Critical values are values that make the inequality equals to zero or undefined. Set \(x+5=0\), we get \(x=-5\). This is the value where the inequality equals to zero. Set \(x+2=0\), we get \(x=-2\). This is the value where the inequality is undefined because we cannot divide by zero.

We have three intervals to consider, which are \((-∞,-5)\), \((-5,-2)\) and \((-2,∞)\). Choose a test point from each interval and substitute it into the given inequality to determine if the inequality holds. If the inequality is true, the interval is part of the solution set, if not, it isn't. The test points can be \(x=-6, -4\) and \(0\). Substituting these values gives \(1/4, -1\) and \(5/2\) respectively. For \(x=-6\), \(\frac{-6+5}{-6+2} = \frac{-1}{-4} = 1/4 > 0\). This is not true for the given inequality, so \((-∞,-5)\) is not part of the solution set. For \(x=-4\), \(\frac{-4+5}{-4+2} = \frac{1}{-2} = -1/2 < 0\). This is true for the given inequality, so \((-5,-2)\) is part of the solution set. For \(x=0\), \(\frac{0+5}{0+2} = \frac{5}{2} > 0\). This is not true for the given inequality, so \((-2,∞)\) is not part of the solution set.

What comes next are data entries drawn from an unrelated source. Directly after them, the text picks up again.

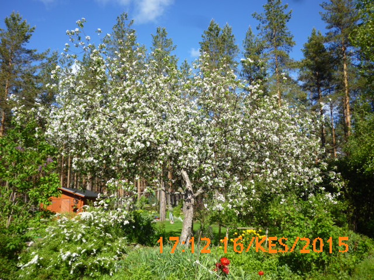 Tämä naapurin 20 v sitten maahan kaatunut, ylös nostettu ja parruilla tuettu syyskaneli antaa mahtavat sadot ja ihanan varjoisan lukupaikan helteillä. Se on kokonaan "kaatunut" meidän puolelle mutta ei haittaa ketään.
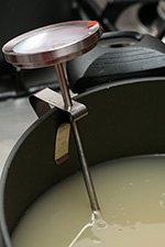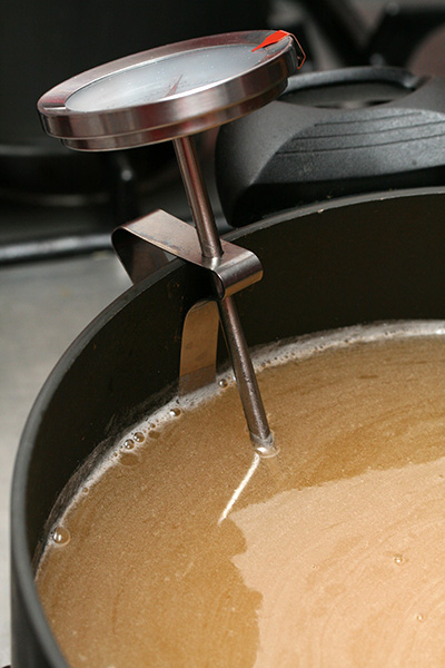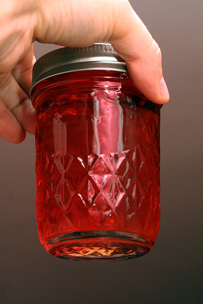 once the temperature reached 105°C, i turned off the stove. i wasn't entirely happy with the cold plate test: the droplets were solidifying, but i wasn't quite sure if it was as solid as jelly 1.0, which i was trying to recreate. i decided over the weekend (through some taste testing) that a softer more liquid jelly is better than the harder drier jelly. softer jelly sort of melts in your mouth while harder jelly just hangs around. harder jelly is more like the jelly you buy in stores, but softer jelly is what makes homemade jelly more special.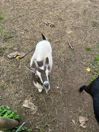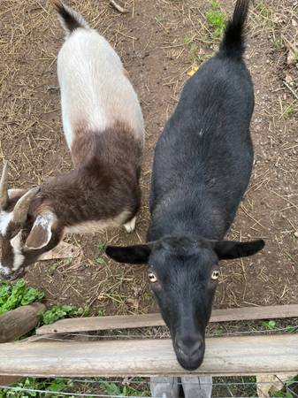Three nanny Nigerian Dwarf goats friendly great with kids come with all I have hoof trimmers milking and trim stand all hay that’s left two wire spools for them to play on ammonium chloride pellets for snacks first of August had there yearly CDT shot favorite snack Fig Newton love to be scratched favorite food pine needles names Athena white and brown. Petunia red brown moon spot on left side Noel born December 10 2023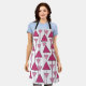 Ce tablier est décoré dans un style art déco de triangles entaillés sur des lignes dans deux tons roses.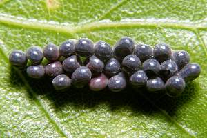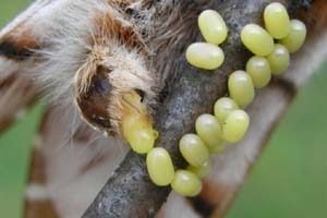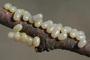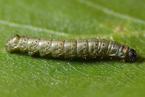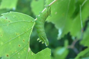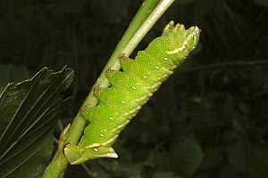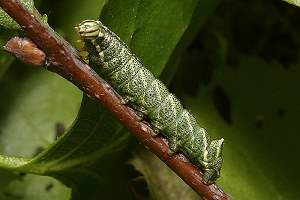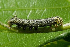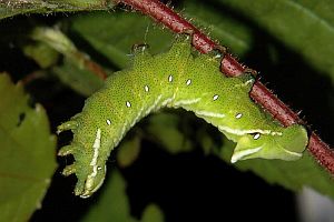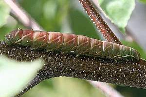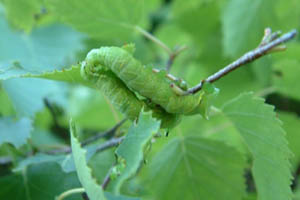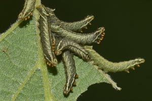 Bergmann (1953: 275) bringt auch noch die Birne (Pyrus sp., Rosaceae) ins Spiel: "Die Raupe lebt zuerst gesellig, später einzeln an Birke, Erle (525), Hasel, Linde und Hainbuche (185). VÖLKER fand sie einmal an Birne (436)." Aber hat die Raupe dort auch gefressen ?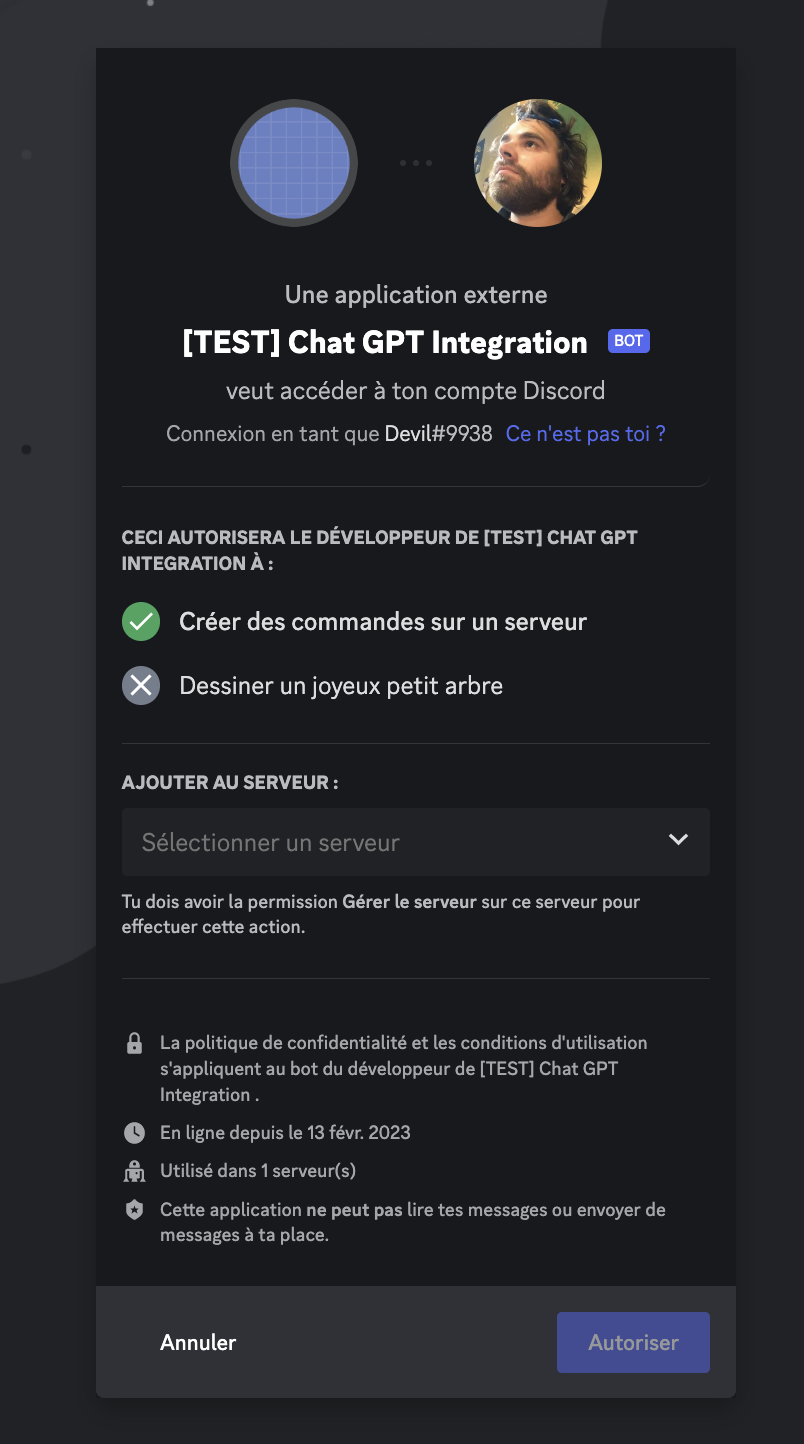 Après avoir sélectionné les paramètres nécessaires, une URL correspondante sera générée en bas de la page. Copiez cette URL et collez-la dans la barre d'adresse de votre navigateur. La page qui s'affiche vous permettra d'autoriser et d'inviter votre bot à un serveur sur lequel vous êtes administrateur.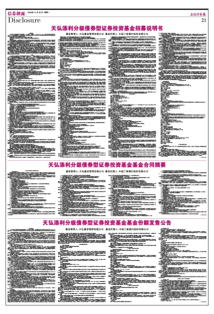 天弘添利分级债券型证券投资基金基金份额发售公告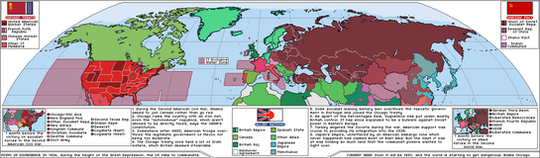 This map is a modernisation of an ancient one I did back in 2009. My how times have changed. It is done in the style of one of my favourite map artists, QuantumBranching. I'd recommend checking out his deviantart profile if you like my stuff, he is a big inspiration for me.This is the world of Atompunk, in the year 1975. The United States of America is embroiled in the middle of the ‘Cold War’ between it and the threatening Universal Soviet Union, with vast nuclear arsenals aimed at each other. It is closely allied with the British Empire and the European Commonwealth. The United States has changed little since the end of the Second World War in 1945, after the defeat of Nazi Germany and the meeting with the Red Army along the Vistula. The greater advance of the German Army against the Russians, reaching as far as the Volga frontier, gave the Western Allies more time to occupy territory and made the Russians seem far weaker than OTL. Within the US both economy and technology roared ahead in the immediate aftermath of the war. Technological advancement brought innovations such as the miniature nuclear reactor, advancements in robotics and (most recently) cordless telephone receivers. Blacks aren’t yet at equal rights, but they are far closer to it than any point before. The Civil Rights movement is gaining greater and greater momentum, it is believed by many that Black Suffrage to be achievable within the decade. There are also movements which turn to the more violent times of the 1960s, with frequent clashes between extremist Black supremacists and local militia, disrupting the usual happy family image America maintains abroad. It is hoped that this situation will soon be sorted out as it would the US greatly, since peace at home allows it to focus on its more troubled allies.
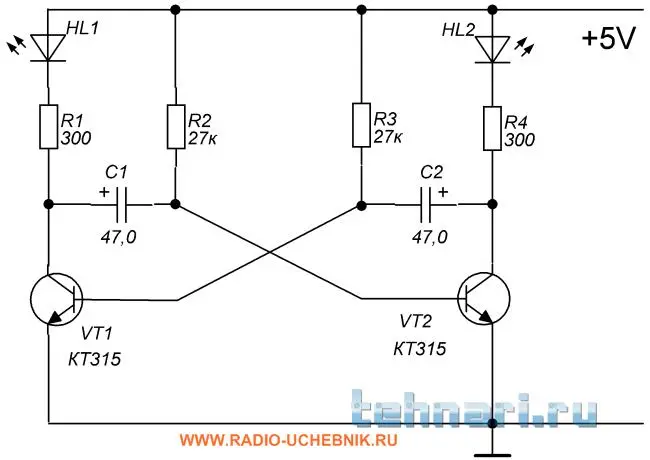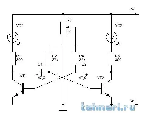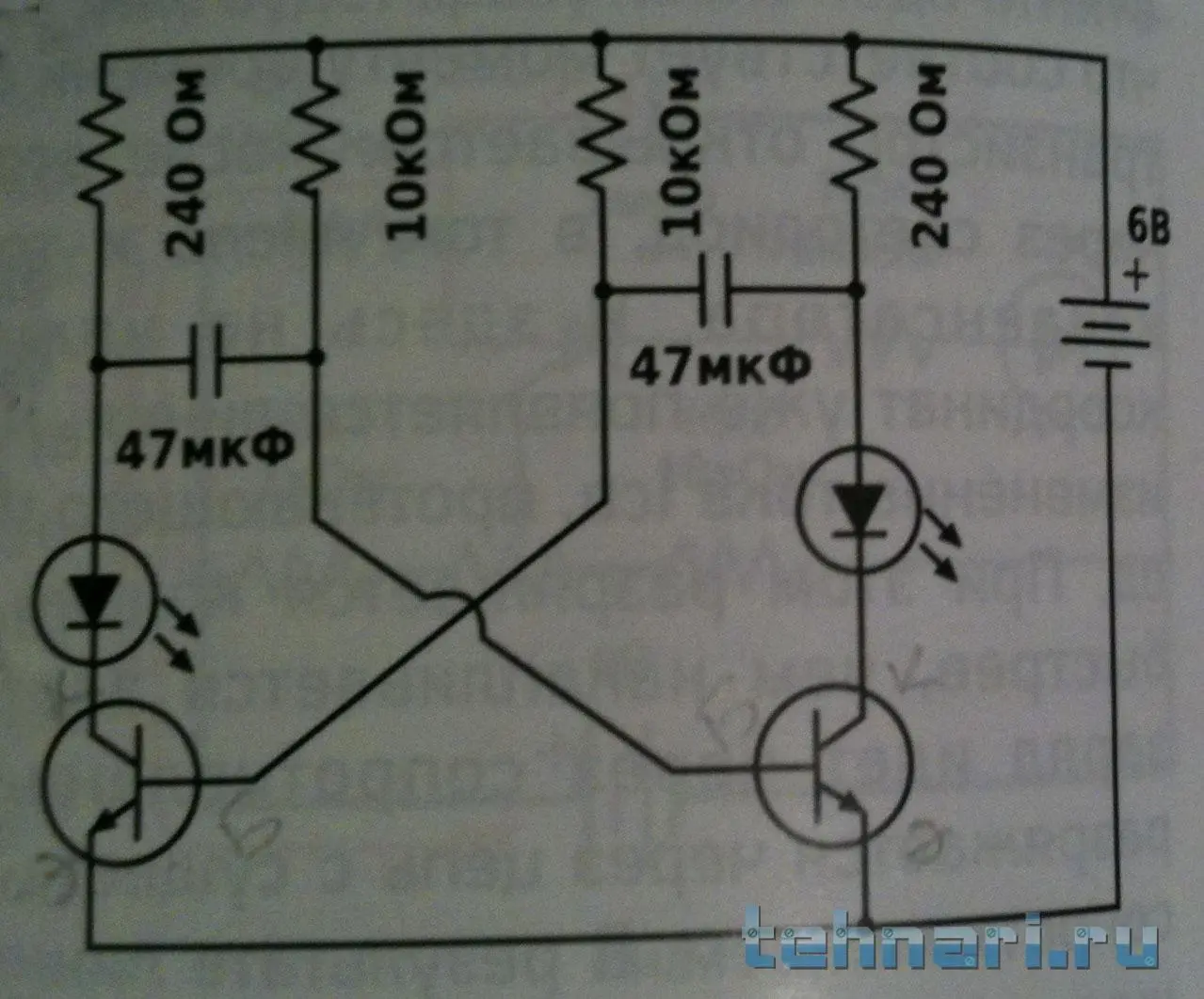 Здравствуйте. Собрали сегодня с ребёнком на монтажной плате мультивибратор по вот такой схеме. Подключаем питание, светодиоды вместо того чтобы мигать, просто светятся. Качнула один светодиод пару раз вправо влево, оба светодиода замигали. Отключаем питание, подключаем - та же история - светятся, но не мигают, подвигала светодиод - замигали. Почему так происходит?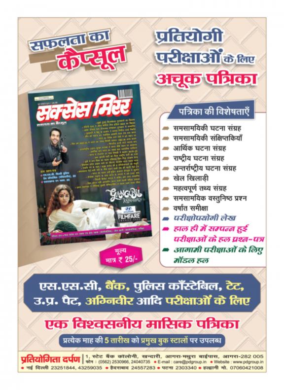 Samanya Gyan Darpan is a Hindi magazine that provides information on general knowledge, history, geography, science, and other topics. The magazine was first published in 1980 and is still one of the most popular general knowledge magazines in India. Samanya Gyan Darpan features a variety of articles each month, including: * General knowledge questions: This section asks general knowledge questions on a variety of topics. * Subject-based articles: This section publishes informative articles on a particular subject. * Special issues: This section publishes special issues on a particular topic, such as history, geography, science, or others. Samanya Gyan Darpan is a valuable resource for students, competitive exam aspirants, and the educated public in general. The magazine can help you learn about the world and increase your knowledge.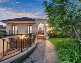 Fresh and bright interiors include a formal sitting room or library with large windows overlooking a tranquil pond framed by a sculpted hedge. The expansive open-plan living, dining, and gourmet kitchen flows seamlessly to an outdoor alfresco patio, which steps down to a sparkling saltwater swimming pool, ideal for entertaining.

The solution set is only the interval \((-5,-2)\) because it is the only interval that makes the inequality true. Therefore, the solution set in interval notation is \((-5,-2)\)

A number line is used to represent the solution set. The values -2 and -5 are plotted and the region between them is shaded to represent the solution. Note that the end points are open circles because the inequality is '<' rather than '≤'